━━━ DATA SECTION ━━━

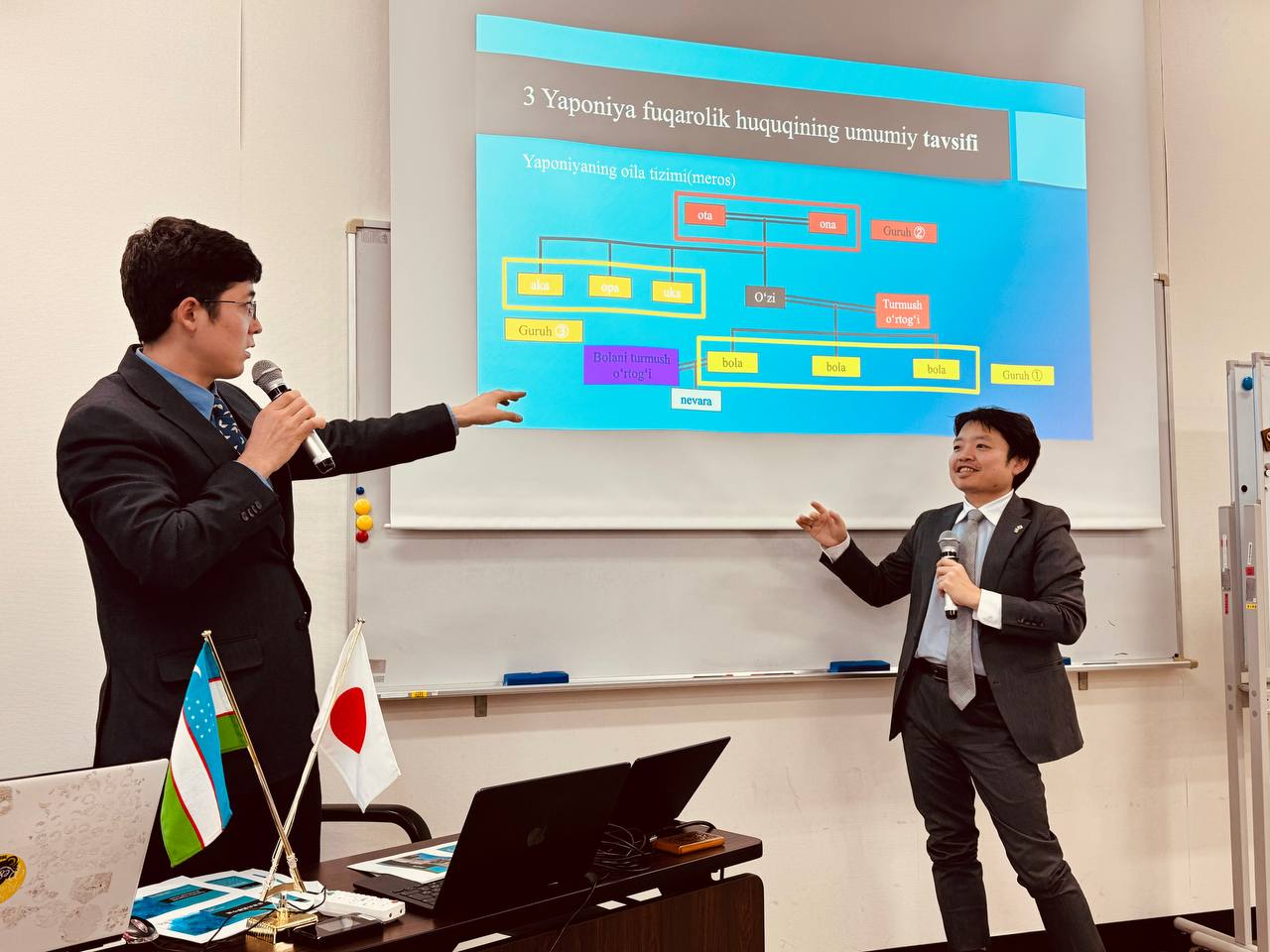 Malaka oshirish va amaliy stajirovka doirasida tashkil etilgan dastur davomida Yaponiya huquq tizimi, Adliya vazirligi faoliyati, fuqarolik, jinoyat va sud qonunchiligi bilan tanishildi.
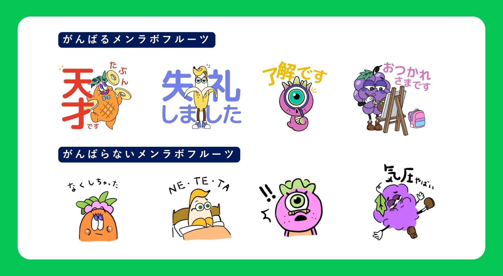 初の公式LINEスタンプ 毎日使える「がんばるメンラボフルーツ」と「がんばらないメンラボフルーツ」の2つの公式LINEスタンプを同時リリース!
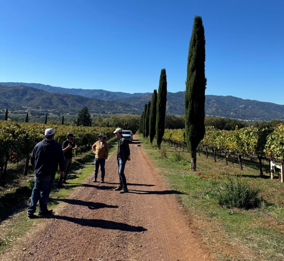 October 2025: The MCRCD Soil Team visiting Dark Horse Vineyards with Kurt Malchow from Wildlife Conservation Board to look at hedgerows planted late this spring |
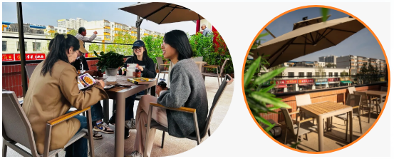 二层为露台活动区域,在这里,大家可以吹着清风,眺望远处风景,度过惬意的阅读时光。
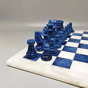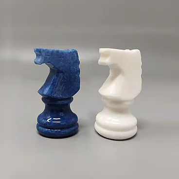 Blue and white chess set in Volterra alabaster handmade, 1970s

━━━
━━━ DATA SECTION ━━━

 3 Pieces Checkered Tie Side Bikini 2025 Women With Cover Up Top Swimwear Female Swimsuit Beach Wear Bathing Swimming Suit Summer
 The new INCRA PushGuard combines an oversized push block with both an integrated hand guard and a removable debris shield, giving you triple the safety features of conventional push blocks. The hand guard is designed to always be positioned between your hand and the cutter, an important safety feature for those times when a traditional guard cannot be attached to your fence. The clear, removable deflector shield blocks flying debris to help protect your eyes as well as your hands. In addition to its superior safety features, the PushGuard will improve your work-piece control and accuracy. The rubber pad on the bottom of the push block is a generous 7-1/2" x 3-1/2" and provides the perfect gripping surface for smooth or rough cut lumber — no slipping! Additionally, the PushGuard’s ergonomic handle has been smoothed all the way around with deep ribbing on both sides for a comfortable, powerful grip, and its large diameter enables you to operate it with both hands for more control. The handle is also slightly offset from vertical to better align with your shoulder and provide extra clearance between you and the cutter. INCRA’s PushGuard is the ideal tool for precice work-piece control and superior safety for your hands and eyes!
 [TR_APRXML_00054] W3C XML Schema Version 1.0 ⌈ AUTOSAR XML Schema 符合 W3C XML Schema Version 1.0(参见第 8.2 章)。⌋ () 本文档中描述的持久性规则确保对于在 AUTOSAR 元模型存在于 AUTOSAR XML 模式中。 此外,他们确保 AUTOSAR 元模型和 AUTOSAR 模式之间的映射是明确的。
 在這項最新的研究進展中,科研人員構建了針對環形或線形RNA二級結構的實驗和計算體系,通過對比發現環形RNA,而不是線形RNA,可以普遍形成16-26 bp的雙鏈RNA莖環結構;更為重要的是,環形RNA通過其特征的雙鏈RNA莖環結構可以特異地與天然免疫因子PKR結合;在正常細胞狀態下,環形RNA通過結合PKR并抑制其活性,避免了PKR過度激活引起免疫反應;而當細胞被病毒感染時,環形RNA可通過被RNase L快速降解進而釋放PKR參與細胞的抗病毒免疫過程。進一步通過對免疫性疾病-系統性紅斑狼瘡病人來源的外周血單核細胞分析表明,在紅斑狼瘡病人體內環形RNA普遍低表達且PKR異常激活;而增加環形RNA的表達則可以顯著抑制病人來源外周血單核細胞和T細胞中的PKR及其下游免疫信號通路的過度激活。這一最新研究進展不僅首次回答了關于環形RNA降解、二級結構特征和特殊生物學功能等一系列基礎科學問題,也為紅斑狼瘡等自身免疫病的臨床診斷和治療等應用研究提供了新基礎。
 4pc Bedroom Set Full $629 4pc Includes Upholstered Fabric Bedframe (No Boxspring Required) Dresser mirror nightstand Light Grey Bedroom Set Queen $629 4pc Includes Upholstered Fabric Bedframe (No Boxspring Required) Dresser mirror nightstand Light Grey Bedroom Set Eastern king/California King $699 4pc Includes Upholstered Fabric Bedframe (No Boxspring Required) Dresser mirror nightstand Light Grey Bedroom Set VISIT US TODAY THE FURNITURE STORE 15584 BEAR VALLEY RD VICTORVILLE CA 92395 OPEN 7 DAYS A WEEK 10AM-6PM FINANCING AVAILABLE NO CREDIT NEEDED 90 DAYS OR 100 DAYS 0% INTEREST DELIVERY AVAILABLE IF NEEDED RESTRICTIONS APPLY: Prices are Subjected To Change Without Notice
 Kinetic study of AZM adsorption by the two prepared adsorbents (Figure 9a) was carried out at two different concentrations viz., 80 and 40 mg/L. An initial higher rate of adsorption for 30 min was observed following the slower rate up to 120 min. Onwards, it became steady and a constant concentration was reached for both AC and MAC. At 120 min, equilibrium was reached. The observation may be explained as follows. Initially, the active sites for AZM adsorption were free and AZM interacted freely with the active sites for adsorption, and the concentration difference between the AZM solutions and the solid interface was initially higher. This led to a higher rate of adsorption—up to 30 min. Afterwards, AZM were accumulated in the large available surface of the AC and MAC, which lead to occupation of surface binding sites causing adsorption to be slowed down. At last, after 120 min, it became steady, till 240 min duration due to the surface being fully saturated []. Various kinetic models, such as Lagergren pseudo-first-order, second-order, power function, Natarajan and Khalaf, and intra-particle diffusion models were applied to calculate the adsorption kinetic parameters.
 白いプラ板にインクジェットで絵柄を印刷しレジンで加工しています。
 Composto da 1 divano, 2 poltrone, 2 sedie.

━━━

### WHAT YOU ARE ASKED TO DO
Only the lines above starting with the line with "Malaka oshirish va" and going on through the line with "October 2025: The" belong in the answer; repeat them exactly, minus any picture.

### RESULT OF THE TASK
 Malaka oshirish va amaliy stajirovka doirasida tashkil etilgan dastur davomida Yaponiya huquq tizimi, Adliya vazirligi faoliyati, fuqarolik, jinoyat va sud qonunchiligi bilan tanishildi.
 初の公式LINEスタンプ 毎日使える「がんばるメンラボフルーツ」と「がんばらないメンラボフルーツ」の2つの公式LINEスタンプを同時リリース!
 October 2025: The MCRCD Soil Team visiting Dark Horse Vineyards with Kurt Malchow from Wildlife Conservation Board to look at hedgerows planted late this spring |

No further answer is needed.